> _ASSIGNMENT_
Pictures excluded, set down exactly the lines from the one containing "قوله: (وأما ما" through the final line of the material, and only those.

[[ RECORDED DATA, beginning ]]

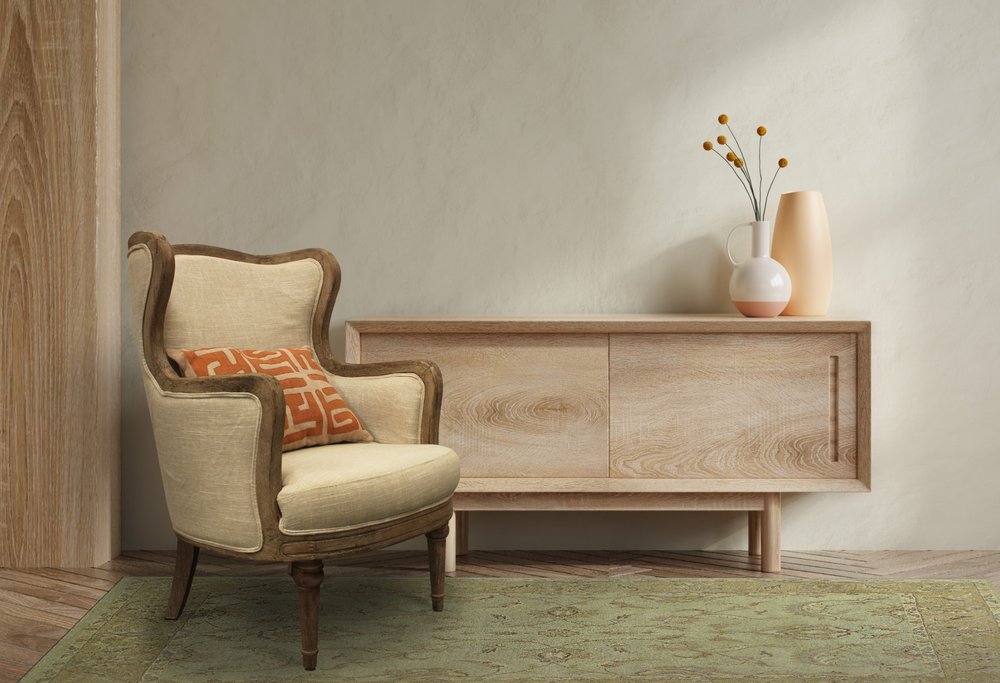 26" Ivory Linen And Natural Solid Color Arm Chair
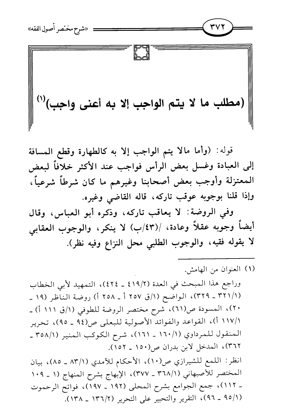 قوله: (وأما ما لا يتم الواجب إلا به كالطهارة وقطع المسافة إلى العبادة وغسل بعض الرأس فواجب عند الأكثر خلافًا لبعض المعتزلة وأوجب بعض أصحابنا وغيرهم ما كان شرطًا شرعيًّا، وإذا قلنا بوجوبه عوقب تاركه، قاله القاضي وغيره.
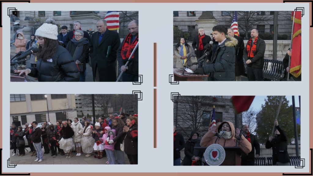 Grupi i të Rinjve të Kishës Orthodokse Shqiptare Fjetja e “Shën Marisë”, zbulojnë me fjalimet e tyre në pak histori edhe qëllimin se përse ata janë mbledhur në sheshin para bashkisë së qytetit të duke treguar se janë pjesë e qytetarëve të tij dhe ruajtës e mbrojtës të traditave e vlerave të kulturës dhe familjeve shqiptare që janë thurur për më shumë se një shekull në jetën e shoqërisë amerikane.
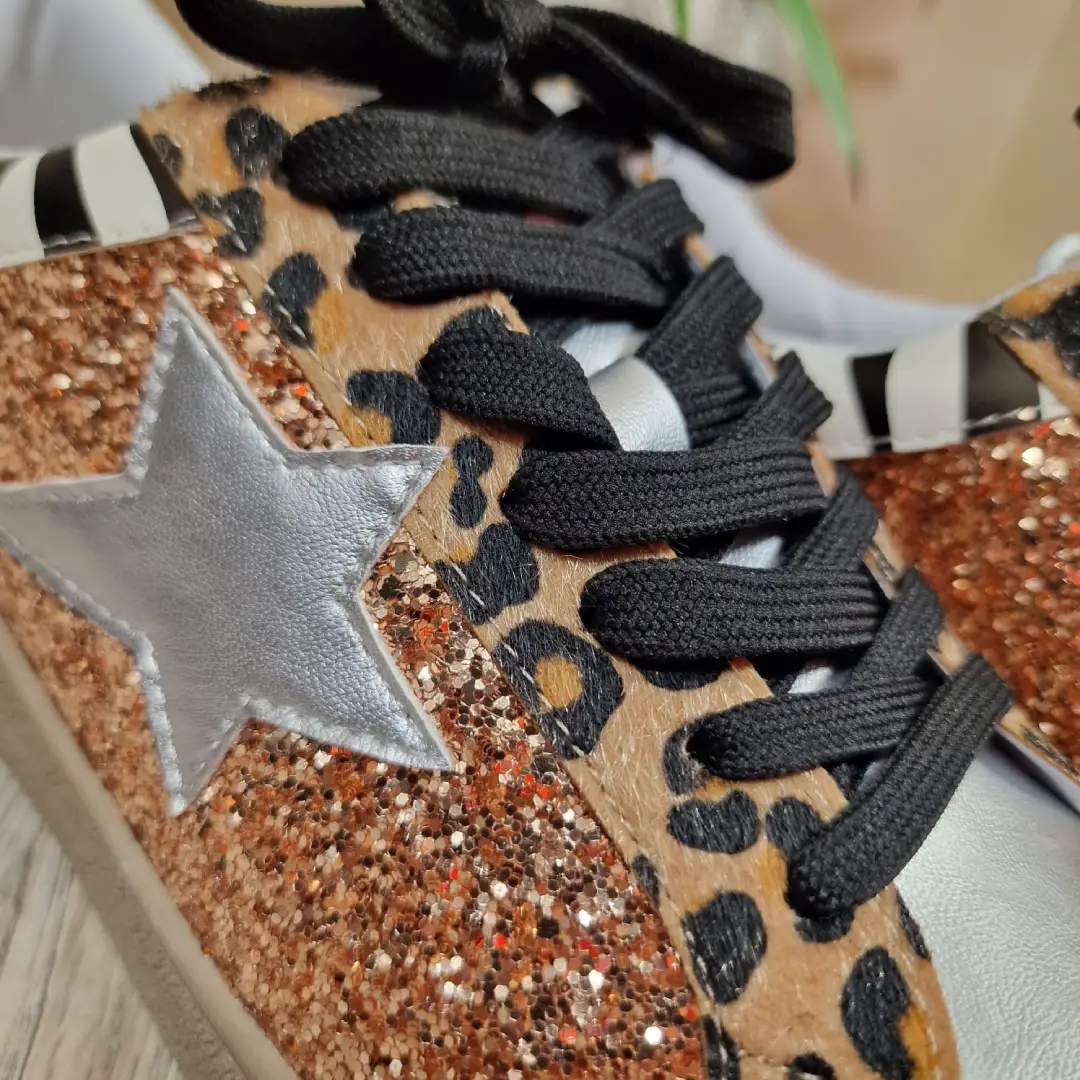 Baskets basses femme imprimé zèbre – ÉLUE PAR NOUS – Étoile contrastante et allure urbaine chic

[[ RECORDED DATA, end ]]

> _ANSWER_
 قوله: (وأما ما لا يتم الواجب إلا به كالطهارة وقطع المسافة إلى العبادة وغسل بعض الرأس فواجب عند الأكثر خلافًا لبعض المعتزلة وأوجب بعض أصحابنا وغيرهم ما كان شرطًا شرعيًّا، وإذا قلنا بوجوبه عوقب تاركه، قاله القاضي وغيره.
 Grupi i të Rinjve të Kishës Orthodokse Shqiptare Fjetja e “Shën Marisë”, zbulojnë me fjalimet e tyre në pak histori edhe qëllimin se përse ata janë mbledhur në sheshin para bashkisë së qytetit të duke treguar se janë pjesë e qytetarëve të tij dhe ruajtës e mbrojtës të traditave e vlerave të kulturës dhe familjeve shqiptare që janë thurur për më shumë se një shekull në jetën e shoqërisë amerikane.
 Baskets basses femme imprimé zèbre – ÉLUE PAR NOUS – Étoile contrastante et allure urbaine chic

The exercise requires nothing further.